Prepare for SCVI modelling

adata.layers[“counts”] = adata.X.copy()
sc.pp.normalize_total(adata, target_sum=1e4)
sc.pp.log1p(adata)
adata.raw = adata

sc.pp.highly_variable_genes(
adata,
n_top_genes=4000,
flavor=“seurat_v3”,
batch_key=“batch”,
subset=True,
layer=“counts”
)

scvi.data.organize_cite_seq_10x(adata) #This moves the protein bit into obsm

scvi.data.setup_anndata(
adata,
layer=“counts”,
batch_key=“batch”,
protein_expression_obsm_key=“protein_expression”
)

scvi.data.view_anndata_setup(adata)

#Training the model
vae = scvi.model.TOTALVI(adata, latent_distribution=“normal”)

vae.train()

plt.plot(vae.history[“elbo_train”], label=“train”)
plt.plot(vae.history[“elbo_validation”], label=“validation”)
plt.title(“Negative ELBO over training epochs”)
plt.ylim(0, 1400)
plt.legend()

Looking into this more, it could be a problem with one of our dependencies having a recent update. I’ll get back to you soon.

We just pushed a new version of scvi-tools that fixes part of these issues.

The concatenation before or after the organize function shouldn’t really matter… but I use concat instead of concatenate.

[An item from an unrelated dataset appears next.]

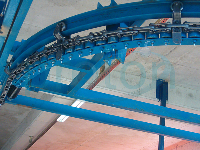 - Operating principle of this type of conveyors is based on transferring suspended materials by chains and trolleys moving on a NPI profile by the help of a drive unit.

Thanks, Adam. I’ve just tried to re-run it but we’re still seeing a fair bit of protein drop out (137->95). I’m not really sure why that is happening. Presumably the hope was that the new version would correct that?

The update fixes this:

/usr/local/lib/python3.7/dist-packages/scvi/train/_trainingplans.py in training_epoch_end(self, outputs)
    133         n_obs, elbo, rec_loss, kl_local = 0, 0, 0, 0
    134         for tensors in outputs:
--> 135             elbo += tensors["reconstruction_loss_sum"] + tensors["kl_local_sum"]
    136             rec_loss += tensors["reconstruction_loss_sum"]
    137             kl_local += tensors["kl_local_sum"]

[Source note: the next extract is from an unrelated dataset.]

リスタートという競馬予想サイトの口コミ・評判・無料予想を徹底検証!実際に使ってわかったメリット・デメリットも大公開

There could be several other reasons the number of proteins is dropping and it’s probably related to the data manipulation/filtering. This could include the scanpy filtering steps (as proteins are in adata.X when you run filters), or it could be as simple as the proteins having slightly different names in the two separate objects. I would recommend the first step you do is to pull out the protein data from the object in your analysis and make separate protein anndata objects, then you can filter the RNA objects and do

protein_adata = protein_adata[rna_adata.obs_names]
rna_adata.obsm["protein"] = protein_adata.to_df()

Many thanks. I think that’s actually completely right because I’ve gone back through the script and done adata.var[“feature_types”].value_counts() after each line and it is the sc.pp.highly_variable_genes step which is causing the drop.

Thanks for the advice! Much appreciated.